Assigned task: Write out, character for character, the line containing "Slika 4. Prikaz" and all lines after it up to the end of the listing.

Available data:
• • • • • • •

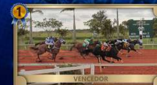
FINAL GP CAMPEÃO DOS CAMPEÕES
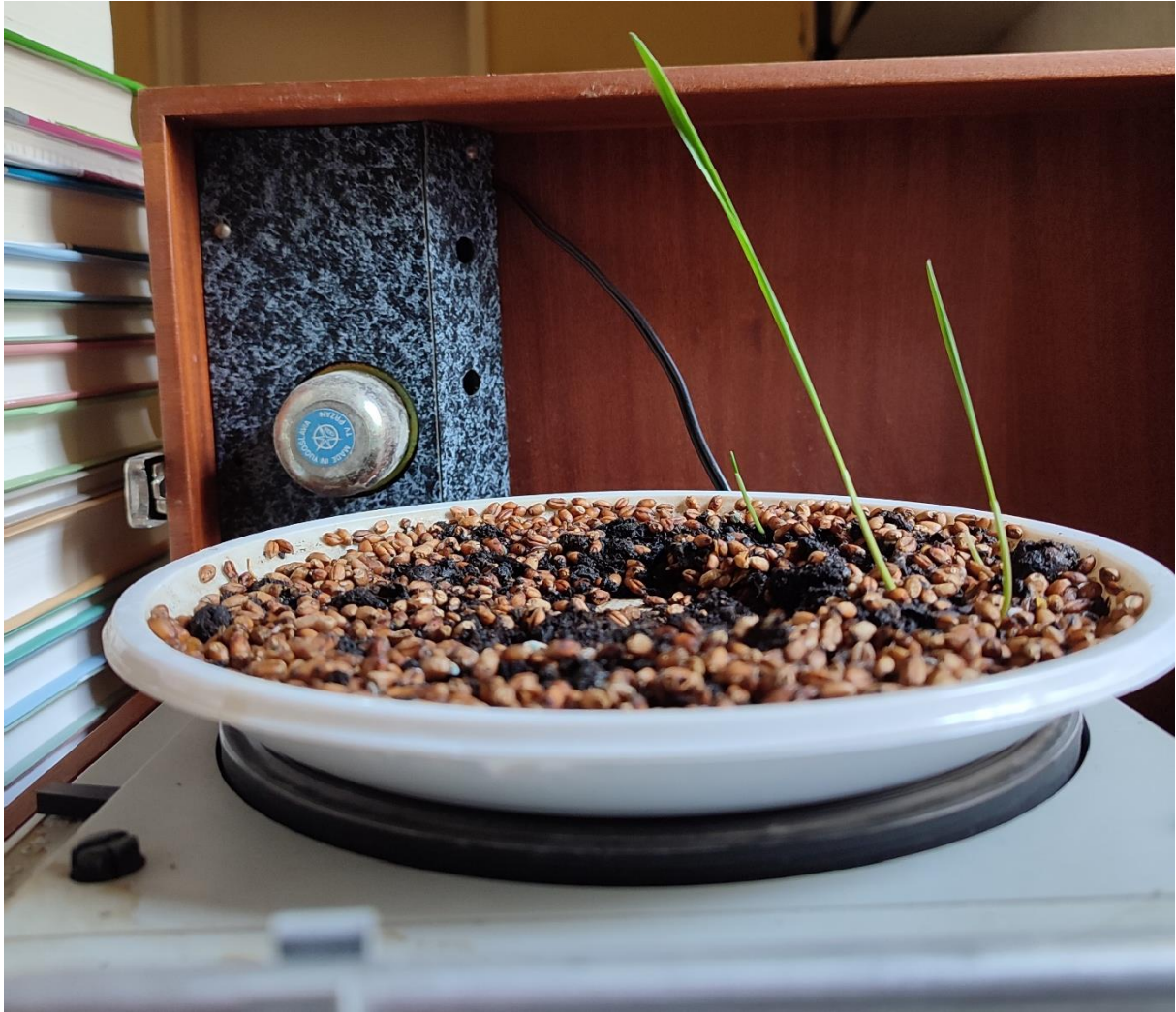
Slika 4. Prikaz pšenice koja raste na rotirajućoj gramofonskoj plohi

Kako bi shvatili ovisnost kuta nagiba prema osi rotacije, raspisujemo trigonometrijsku funkciju tangensa kuta između efektivne sile teže i centrifugalne sile.

• • • • • • •

Exercise output:
Slika 4. Prikaz pšenice koja raste na rotirajućoj gramofonskoj plohi

Kako bi shvatili ovisnost kuta nagiba prema osi rotacije, raspisujemo trigonometrijsku funkciju tangensa kuta između efektivne sile teže i centrifugalne sile.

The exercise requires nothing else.